Processing a folder of invoices in parallel:

from pdfmux import extract_fields
from concurrent.futures import ThreadPoolExecutor, as_completed
from pathlib import Path
import json

INVOICE_SCHEMA = {
    "vendor_name": str,
    "invoice_number": str,
    "invoice_date": str,
    "total_amount": float,
    "currency": str,
}

def process_invoice(path: Path) -> dict:
    try:
        result = extract_fields(str(path), schema=INVOICE_SCHEMA)
        return {
            "file": path.name,
            "fields": result.fields,
            "confidence": result.confidence,
            "status": "ok" if result.confidence >= 0.80 else "review",
        }
    except Exception as e:
        return {"file": path.name, "error": str(e), "status": "error"}

invoice_dir = Path("invoices/")
invoice_files = list(invoice_dir.glob("*.pdf"))

results = []
with ThreadPoolExecutor(max_workers=4) as executor:
    futures = {executor.submit(process_invoice, f): f for f in invoice_files}
    for future in as_completed(futures):
        results.append(future.result())

# Separate auto-approve from review queue
auto_approved = [r for r in results if r.get("status") == "ok"]
needs_review = [r for r in results if r.get("status") in ("review", "error")]

print(f"Auto-approved: {len(auto_approved)}")
print(f"Needs review: {len(needs_review)}")

# Write structured output
with open("extracted_invoices.json", "w") as f:
    json.dump(auto_approved, f, indent=2)

On a 4-core machine, this processes approximately 200–400 digital invoices per minute depending on invoice complexity. Scanned invoices run 3–5x slower due to OCR. For overnight batch runs, parallelism of 4–8 workers is typically optimal without exceeding memory limits.

Handling scanned invoices

Scanned invoices require explicit OCR mode. pdfmux auto-detects scanned pages — you don’t need to tell it — but you can force high-quality extraction for invoice batches where you know scans are common:

from pdfmux import extract_fields

# force high quality mode — slower but better OCR on scanned pages
result = extract_fields(
    "scanned-invoice.pdf",
    schema=INVOICE_SCHEMA,
    quality="high",
)

print(result.confidence)  # e.g. 0.78 for a clean scan, 0.61 for a phone photo
print(result.warnings)    # ["Page 1: scanned image, RapidOCR confidence 0.78"]

On the 1,200-invoice benchmark, the confidence score threshold that best separates accurate from inaccurate scanned extractions is 0.72: above that, field accuracy is 92%+; below that, field accuracy drops to 71%. Setting your review threshold at 0.72 for scanned invoices routes approximately 22% of scanned invoices to human review — which typically covers 95%+ of the actual errors.

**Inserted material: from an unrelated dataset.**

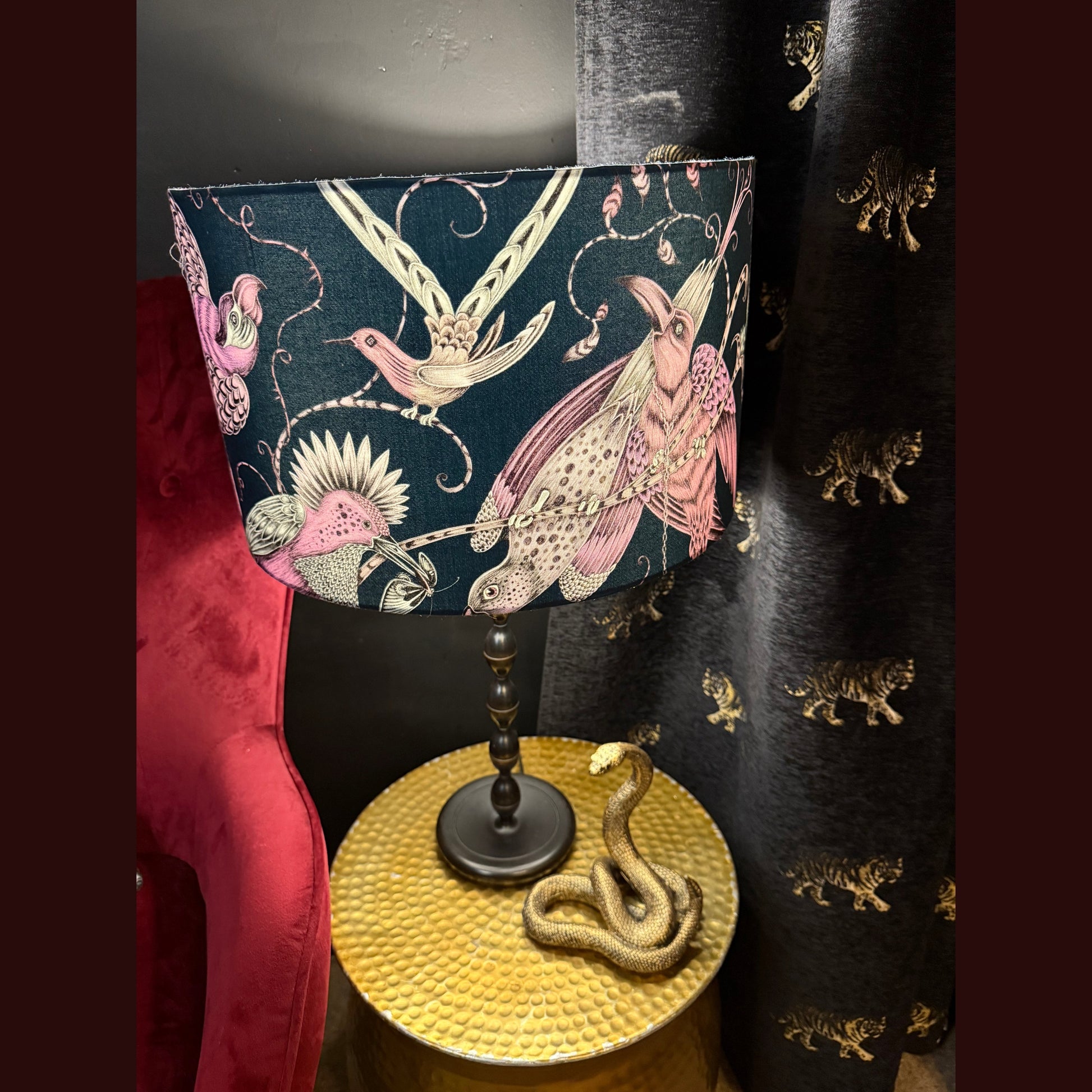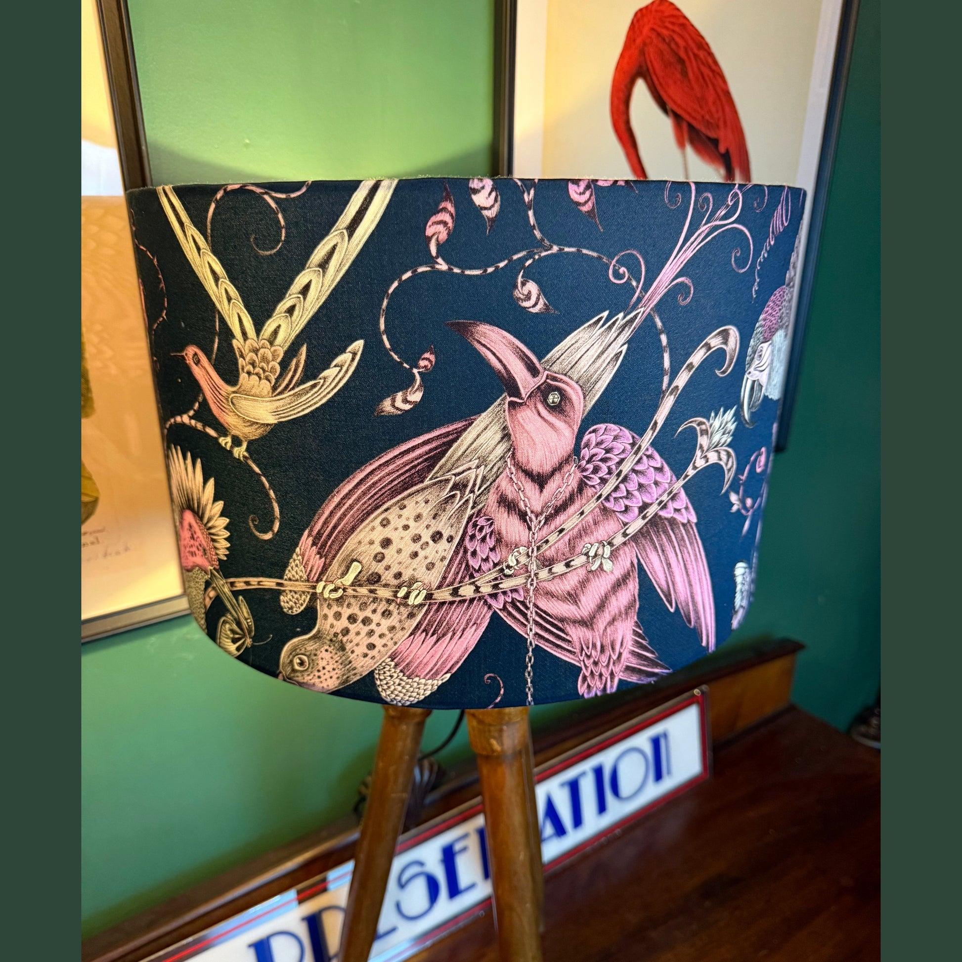 The Audubon lampshade, made from Emma J Shipley cotton fabric.

For invoices with very low scan quality (dim photos, extreme angles, water damage), consider the quality="high" mode which uses a full Docling pass before OCR. Processing time increases from ~1.5s to ~4.5s per page, but accuracy on degraded scans improves by 8–14 percentage points.

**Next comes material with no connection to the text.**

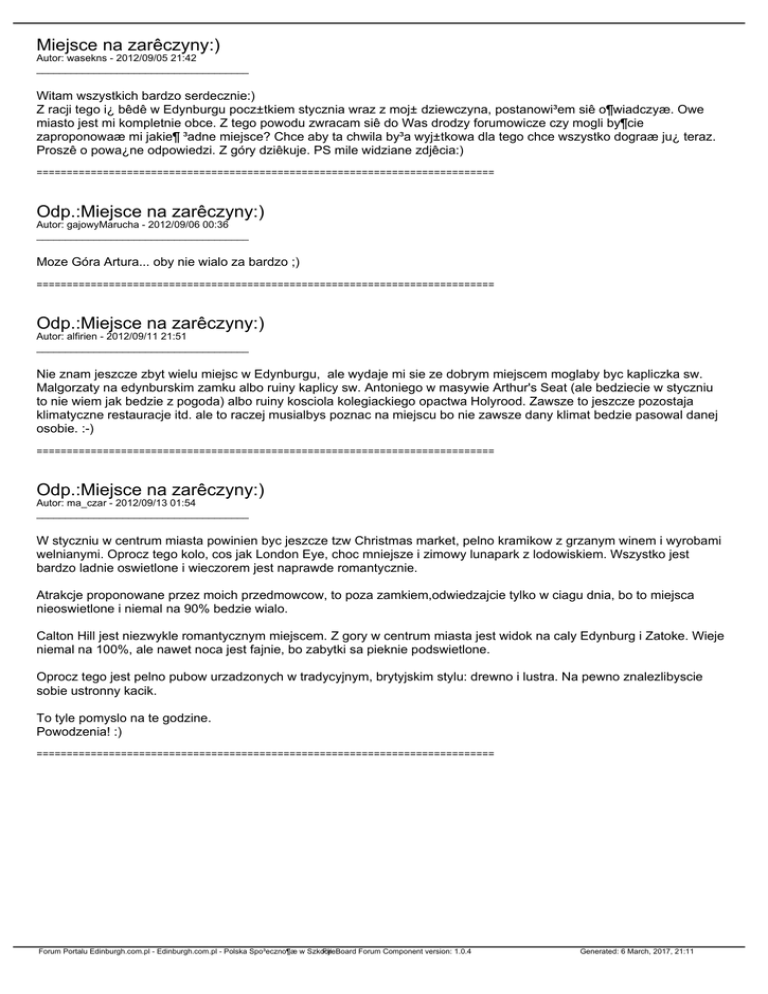 Miejsce na zarêczyny:) Autor: wasekns - 2012/09/05 21:42 _____________________________________ Witam wszystkich bardzo serdecznie:) Z racji tego i¿ bêdê w Edynburgu pocz±tkiem stycznia wraz z moj± dziewczyna, postanowi³em siê o¶wiadczyæ. Owe miasto jest mi kompletnie obce. Z tego powodu zwracam siê do Was drodzy forumowicze czy mogli by¶cie zaproponowaæ mi jakie¶ ³adne miejsce? Chce aby ta chwila by³a wyj±tkowa dla tego chce wszystko dograæ ju¿ teraz. Proszê o powa¿ne odpowiedzi. Z góry dziêkuje. PS mile widziane zdjêcia:) ============================================================================ Odp.:Miejsce na zarêczyny:) Autor: gajowyMarucha - 2012/09/06 00:36 _____________________________________ Moze Góra Artura... oby nie wialo za bardzo ;) ============================================================================ Odp.:Miejsce na zarêczyny:) Autor: alfirien - 2012/09/11 21:51 _____________________________________ Nie znam jeszcze zbyt wielu miejsc w Edynburgu, ale wydaje mi sie ze dobrym miejscem moglaby byc kapliczka sw. Malgorzaty na edynburskim zamku albo ruiny kaplicy sw. Antoniego w masywie Arthur's Seat (ale bedziecie w styczniu to nie wiem jak bedzie z pogoda) albo ruiny kosciola kolegiackiego opactwa Holyrood. Zawsze to jeszcze pozostaja klimatyczne restauracje itd. ale to raczej musialbys poznac na miejscu bo nie zawsze dany klimat bedzie pasowal danej osobie. :-) ============================================================================ Odp.:Miejsce na zarêczyny:) Autor: ma_czar - 2012/09/13 01:54 _____________________________________ W styczniu w centrum miasta powinien byc jeszcze tzw Christmas market, pelno kramikow z grzanym winem i wyrobami welnianymi. Oprocz tego kolo, cos jak London Eye, choc mniejsze i zimowy lunapark z lodowiskiem. Wszystko jest bardzo ladnie oswietlone i wieczorem jest naprawde romantycznie. Atrakcje proponowane przez moich przedmowcow, to poza zamkiem,odwiedzajcie tylko w ciagu dnia, bo to miejsca nieoswietlone i niemal na 90% bedzie wialo. Calton Hill jest niezwykle romantycznym miejscem. Z gory w centrum miasta jest widok na caly Edynburg i Zatoke. Wieje niemal na 100%, ale nawet noca jest fajnie, bo zabytki sa pieknie podswietlone. Oprocz tego jest pelno pubow urzadzonych w tradycyjnym, brytyjskim stylu: drewno i lustra. Na pewno znalezlibyscie sobie ustronny kacik. To tyle pomyslo na te godzine. Powodzenia! :) ============================================================================ Forum Portalu Edinburgh.com.pl - Edinburgh.com.pl - Polska Spo³eczno¶æ w Szkocji FireBoard Forum Component version: 1.0.4 Generated: 6 March, 2017, 21:11

A minimal AP automation pipeline

This is the production pattern that handles the full workflow: ingest → extract → validate → route.

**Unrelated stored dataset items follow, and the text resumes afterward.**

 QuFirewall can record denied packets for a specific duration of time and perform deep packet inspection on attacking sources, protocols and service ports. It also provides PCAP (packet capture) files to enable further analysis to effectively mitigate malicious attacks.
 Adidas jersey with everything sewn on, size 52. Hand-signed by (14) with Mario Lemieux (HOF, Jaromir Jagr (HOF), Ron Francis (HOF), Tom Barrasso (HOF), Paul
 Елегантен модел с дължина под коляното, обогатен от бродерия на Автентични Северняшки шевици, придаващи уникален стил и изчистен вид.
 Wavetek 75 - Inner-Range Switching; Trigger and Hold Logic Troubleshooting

from pdfmux import extract_fields
from pathlib import Path
from datetime import datetime
import json
import shutil

INVOICE_SCHEMA = {
    "vendor_name": str,
    "invoice_number": str,
    "invoice_date": str,
    "due_date": str,
    "currency": str,
    "total_amount": float,
    "tax_amount": float,
}

CONFIDENCE_AUTO = 0.82    # above this: auto-process
CONFIDENCE_REVIEW = 0.60  # below this: flag for manual review, above: low-confidence auto

def validate_fields(fields: dict) -> list[str]:
    issues = []
    if not fields.get("invoice_number"):
        issues.append("missing invoice_number")
    if not fields.get("total_amount") or fields["total_amount"] <= 0:
        issues.append("invalid total_amount")
    try:
        datetime.strptime(fields.get("invoice_date", ""), "%Y-%m-%d")
    except ValueError:
        issues.append(f"unparseable invoice_date: {fields.get('invoice_date')}")
    return issues

def process_invoice(path: Path, output_dir: Path, review_dir: Path):
    result = extract_fields(str(path), schema=INVOICE_SCHEMA, quality="standard")
    issues = validate_fields(result.fields)

    record = {
        "file": path.name,
        "fields": result.fields,
        "confidence": result.confidence,
        "validation_issues": issues,
        "processed_at": datetime.utcnow().isoformat(),
    }

    if result.confidence >= CONFIDENCE_AUTO and not issues:
        # High-confidence, clean validation — auto-approve
        out_path = output_dir / f"{path.stem}.json"
        out_path.write_text(json.dumps(record, indent=2))
        return "approved", record
    else:
        # Route to review queue with context for the reviewer
        dest = review_dir / path.name
        shutil.copy2(path, dest)
        review_path = review_dir / f"{path.stem}.json"
        review_path.write_text(json.dumps(record, indent=2))
        return "review", record

This pattern handles the 3-tier split seen in most production AP workflows: clean digital invoices auto-approve without human touch, scanned or low-confidence invoices get routed with extracted data pre-filled for the reviewer to verify, and validation failures (missing fields, unparseable dates) get flagged explicitly.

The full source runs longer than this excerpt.